---------- SOURCE MATERIAL
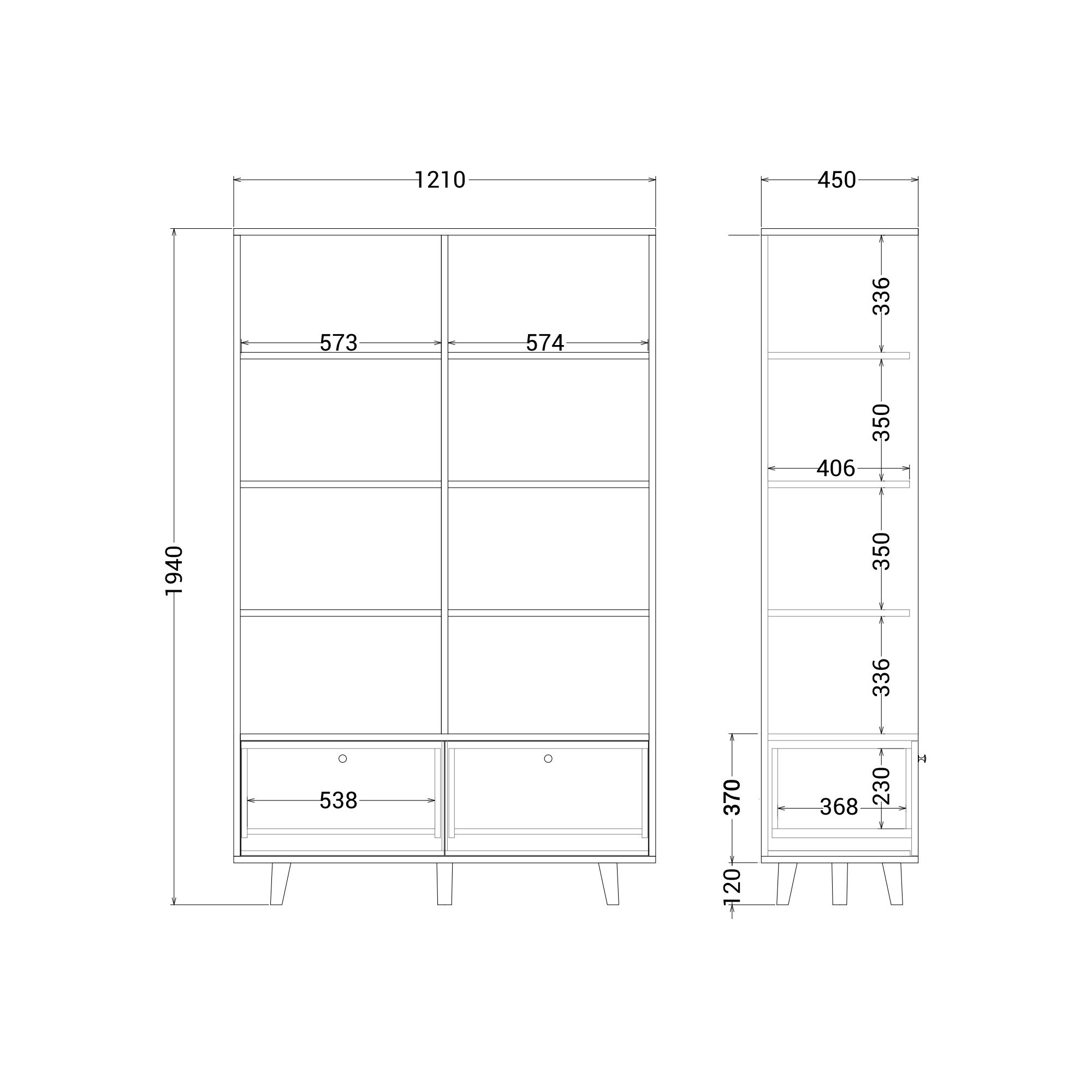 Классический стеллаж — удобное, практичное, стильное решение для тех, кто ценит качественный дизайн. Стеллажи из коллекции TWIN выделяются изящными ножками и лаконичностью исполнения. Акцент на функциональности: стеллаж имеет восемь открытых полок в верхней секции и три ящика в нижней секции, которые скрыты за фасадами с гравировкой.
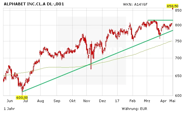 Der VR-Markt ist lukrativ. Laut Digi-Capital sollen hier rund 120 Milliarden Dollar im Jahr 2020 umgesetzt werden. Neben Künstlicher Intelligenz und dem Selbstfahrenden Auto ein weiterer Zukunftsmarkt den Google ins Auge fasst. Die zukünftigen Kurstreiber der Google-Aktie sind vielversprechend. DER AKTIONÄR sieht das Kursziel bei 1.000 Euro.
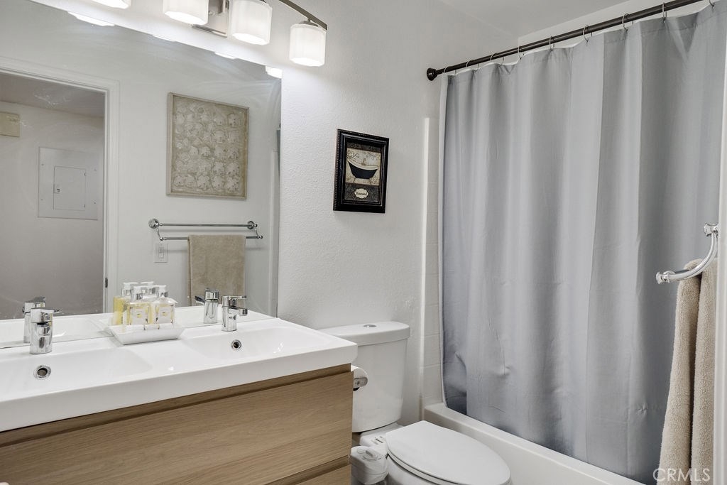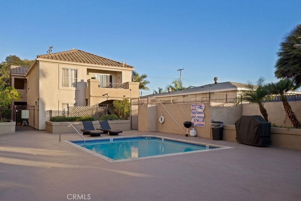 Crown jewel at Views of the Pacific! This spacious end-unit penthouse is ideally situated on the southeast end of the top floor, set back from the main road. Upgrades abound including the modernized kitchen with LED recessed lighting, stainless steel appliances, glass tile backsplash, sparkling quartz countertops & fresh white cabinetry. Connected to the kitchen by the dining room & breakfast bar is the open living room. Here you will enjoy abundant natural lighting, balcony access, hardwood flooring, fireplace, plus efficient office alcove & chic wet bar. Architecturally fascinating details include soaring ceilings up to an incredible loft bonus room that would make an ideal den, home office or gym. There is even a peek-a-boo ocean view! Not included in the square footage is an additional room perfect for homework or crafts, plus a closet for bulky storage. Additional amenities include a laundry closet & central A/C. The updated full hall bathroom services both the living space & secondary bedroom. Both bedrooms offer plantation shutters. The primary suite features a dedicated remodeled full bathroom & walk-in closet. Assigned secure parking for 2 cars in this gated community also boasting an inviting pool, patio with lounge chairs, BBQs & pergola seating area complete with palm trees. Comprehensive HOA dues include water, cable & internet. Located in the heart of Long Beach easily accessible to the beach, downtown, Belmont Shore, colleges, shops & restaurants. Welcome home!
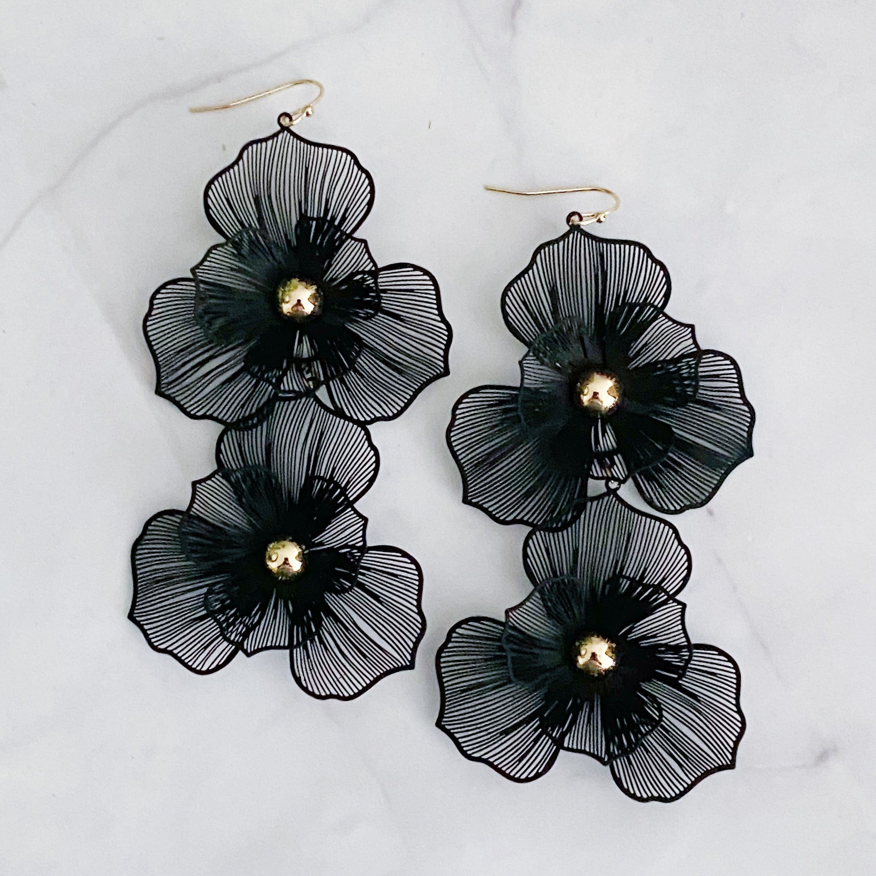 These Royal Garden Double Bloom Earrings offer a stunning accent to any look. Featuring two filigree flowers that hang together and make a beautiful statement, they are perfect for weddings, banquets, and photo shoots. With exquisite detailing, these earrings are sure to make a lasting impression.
--------------------
WHAT YOU NEED TO DO>
Everything in the material except the pictures should be output verbatim.

SOLUTION FOR THIS PROBLEM>
 Классический стеллаж — удобное, практичное, стильное решение для тех, кто ценит качественный дизайн. Стеллажи из коллекции TWIN выделяются изящными ножками и лаконичностью исполнения. Акцент на функциональности: стеллаж имеет восемь открытых полок в верхней секции и три ящика в нижней секции, которые скрыты за фасадами с гравировкой.
 Der VR-Markt ist lukrativ. Laut Digi-Capital sollen hier rund 120 Milliarden Dollar im Jahr 2020 umgesetzt werden. Neben Künstlicher Intelligenz und dem Selbstfahrenden Auto ein weiterer Zukunftsmarkt den Google ins Auge fasst. Die zukünftigen Kurstreiber der Google-Aktie sind vielversprechend. DER AKTIONÄR sieht das Kursziel bei 1.000 Euro.
 Crown jewel at Views of the Pacific! This spacious end-unit penthouse is ideally situated on the southeast end of the top floor, set back from the main road. Upgrades abound including the modernized kitchen with LED recessed lighting, stainless steel appliances, glass tile backsplash, sparkling quartz countertops & fresh white cabinetry. Connected to the kitchen by the dining room & breakfast bar is the open living room. Here you will enjoy abundant natural lighting, balcony access, hardwood flooring, fireplace, plus efficient office alcove & chic wet bar. Architecturally fascinating details include soaring ceilings up to an incredible loft bonus room that would make an ideal den, home office or gym. There is even a peek-a-boo ocean view! Not included in the square footage is an additional room perfect for homework or crafts, plus a closet for bulky storage. Additional amenities include a laundry closet & central A/C. The updated full hall bathroom services both the living space & secondary bedroom. Both bedrooms offer plantation shutters. The primary suite features a dedicated remodeled full bathroom & walk-in closet. Assigned secure parking for 2 cars in this gated community also boasting an inviting pool, patio with lounge chairs, BBQs & pergola seating area complete with palm trees. Comprehensive HOA dues include water, cable & internet. Located in the heart of Long Beach easily accessible to the beach, downtown, Belmont Shore, colleges, shops & restaurants. Welcome home!
 These Royal Garden Double Bloom Earrings offer a stunning accent to any look. Featuring two filigree flowers that hang together and make a beautiful statement, they are perfect for weddings, banquets, and photo shoots. With exquisite detailing, these earrings are sure to make a lasting impression.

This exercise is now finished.